The Payment Error Rate Measurement (PERM) is an audit program that was developed and implemented by the federal Centers for Medicare and Medicaid Services (CMS) to comply with the Improper Payments Information Act (IPIA) of 2002. The purpose of the program is to examine eligibility determinations and claims payment of Medicaid program and Children’s Health Insurance Program (CHIP) for accuracy and to ensure that the States only pay for appropriate claims.
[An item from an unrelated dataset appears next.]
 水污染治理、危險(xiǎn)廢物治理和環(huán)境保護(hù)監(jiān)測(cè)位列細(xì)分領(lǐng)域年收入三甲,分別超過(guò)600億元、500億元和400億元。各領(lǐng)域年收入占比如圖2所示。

In Colorado, CHIP is called Child Health Plan Plus (CHP+).
- Colorado's next PERM cycle is federal fiscal year 2013 (October 2012 - September 2013).
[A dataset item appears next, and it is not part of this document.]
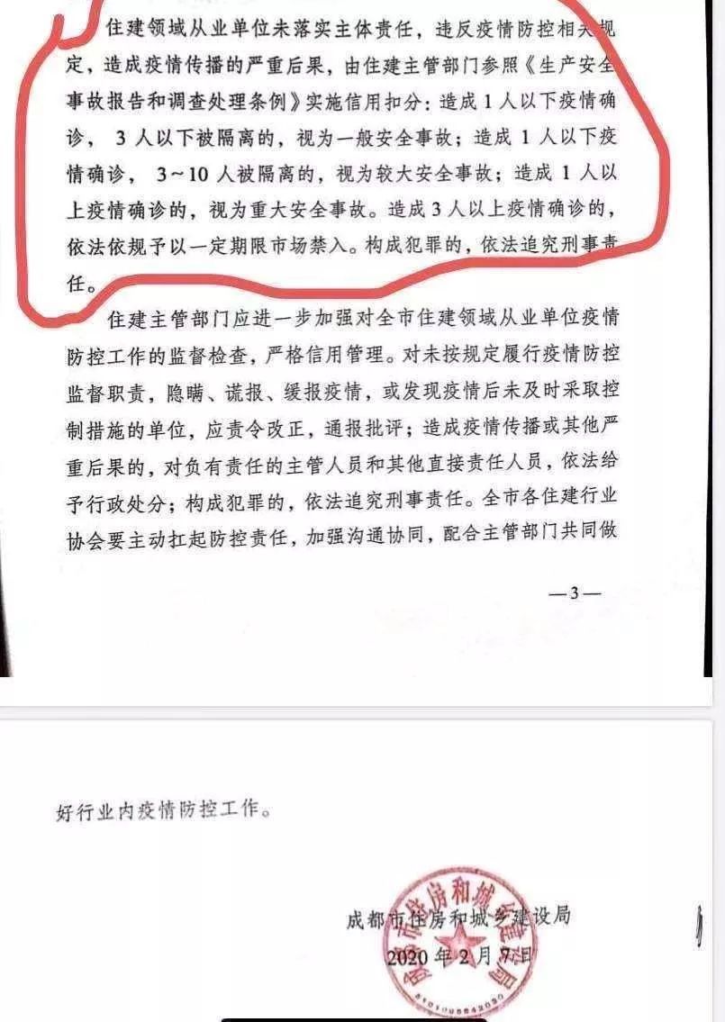 2月7日,成都市住房和城鄉(xiāng)建設(shè)局發(fā)布了《關(guān)于將新型冠狀病毒感染的肺炎疫情防控工作納入住建領(lǐng)域市場主體信用評(píng)價(jià)管理的通知》。

Providers: Please go to the Department's PERM provider web page for more information on how PERM affects Medicaid and CHP+ providers.
Why is PERM required?
- PERM is required by CMS pursuant to the Improper Payments Information Act of 2002 (IPIA; Public Law 107-300).
- Medicaid and CHIP are identified as programs at higher risk for significant improper payments by the U.S. Office of Management and Budget (OMB).
- CMS has to report the improper payment error rate and estimates of improper amounts to Congress.
- CMS has to submit the report on actions to reduce erroneous expenditures.
- Groups of states are selected on a rotational basis once every three years.
- Colorado is one of 17 States, or Cycle 2 states, randomly selected by CMS for federal fiscal year (FFY) 2013 and previously in FFY 2010 and 2007. FFY runs from October 1 through September 30.
How is PERM implemented?
- Claims Review
- A claim is reviewed to determine if it was processed correctly and that the services were actually provided, medically necessary, coded correctly, and properly paid or denied.
- For the PERM cycle, CMS uses two contractors to perform claims reviews:
- The Statistical Contractor, the Lewin Group, who collects universe claims data quarterly from states and uses a stratified random sampling design to draw the sample for review.
- The Review Contractor, A+ Government Solutions, who uses the sample list to request copies of medical records from the providers and reviews for medical necessity, correct coding, correct payment or denial of claims, and services actually provided.
- Eligibility Review
- Recipient's eligibility determinations are reviewed for accuracy.
- The Department of Health Care Policy and Financing (the Department) has awarded Myers and Stauffer, LC to review eligibility determinations in FY 2013.
What is the purpose of the eligibility determination review?
- The purpose of the eligibility review is to verfiy the eligibility of sampled cases using state eligibility criteria in effect at the time of the decision under review.
How will eligibility sites know if any of their eligibility determinations have been selected?
- The Department, or Myers and Stauffer, LC, will contact eligibility sites and request copies of the case file.
What do eligibility sites need to do?
- Eligibility sites need to check if the case is currently undergoing investigation for fraud. If so, this must be reported to the Department.
- Eligibility sites need to submit copies of the requested case file within 10 business days of the date of the request. Original documentation will not be accepted.
- If the eligibility site is not the correct site, it should inform the Department with the evidence of which site that has the requested case file information.
What happens if there is an error finding in the eligibility determination?
- Myers and Stauffer, LC will contact the eligibility sites about the results of the case file review. Eligibility sites may appeal the finding. The appeal process is currently in development.
What about maintaining patient privacy?
How can I find out more information?
- The Department will make a presentation in the spring of 2013 about PERM and eligibility site responsibilities. The Department will soon release details to eligibility sites via email.